# What is being asked
Make an exact copy of the listing so that no picture is carried over.

# Material provided

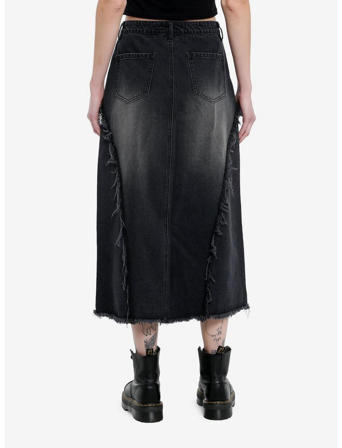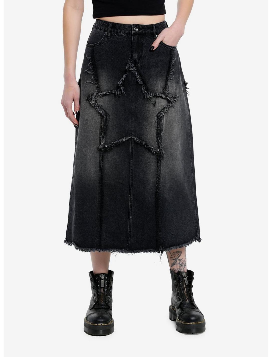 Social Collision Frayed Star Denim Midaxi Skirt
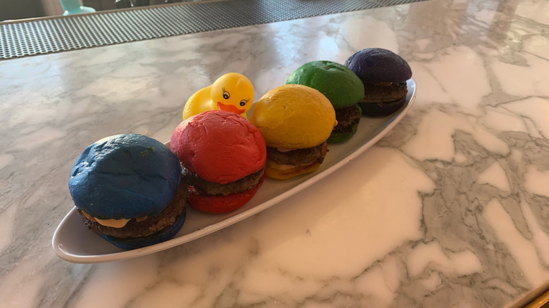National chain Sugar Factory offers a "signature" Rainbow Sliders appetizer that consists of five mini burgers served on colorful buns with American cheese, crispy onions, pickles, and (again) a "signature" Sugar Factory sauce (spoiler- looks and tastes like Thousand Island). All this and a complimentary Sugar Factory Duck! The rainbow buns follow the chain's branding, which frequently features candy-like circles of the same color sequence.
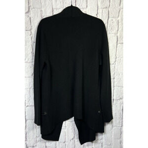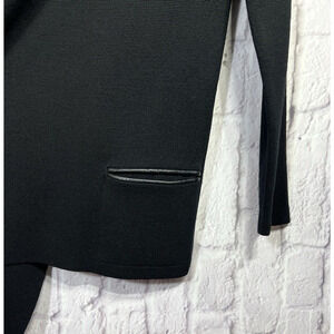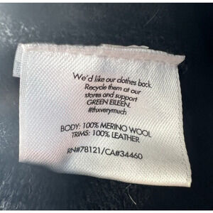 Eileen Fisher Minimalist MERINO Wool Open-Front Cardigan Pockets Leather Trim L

# Output below
 Social Collision Frayed Star Denim Midaxi Skirt
National chain Sugar Factory offers a "signature" Rainbow Sliders appetizer that consists of five mini burgers served on colorful buns with American cheese, crispy onions, pickles, and (again) a "signature" Sugar Factory sauce (spoiler- looks and tastes like Thousand Island). All this and a complimentary Sugar Factory Duck! The rainbow buns follow the chain's branding, which frequently features candy-like circles of the same color sequence.
 Eileen Fisher Minimalist MERINO Wool Open-Front Cardigan Pockets Leather Trim L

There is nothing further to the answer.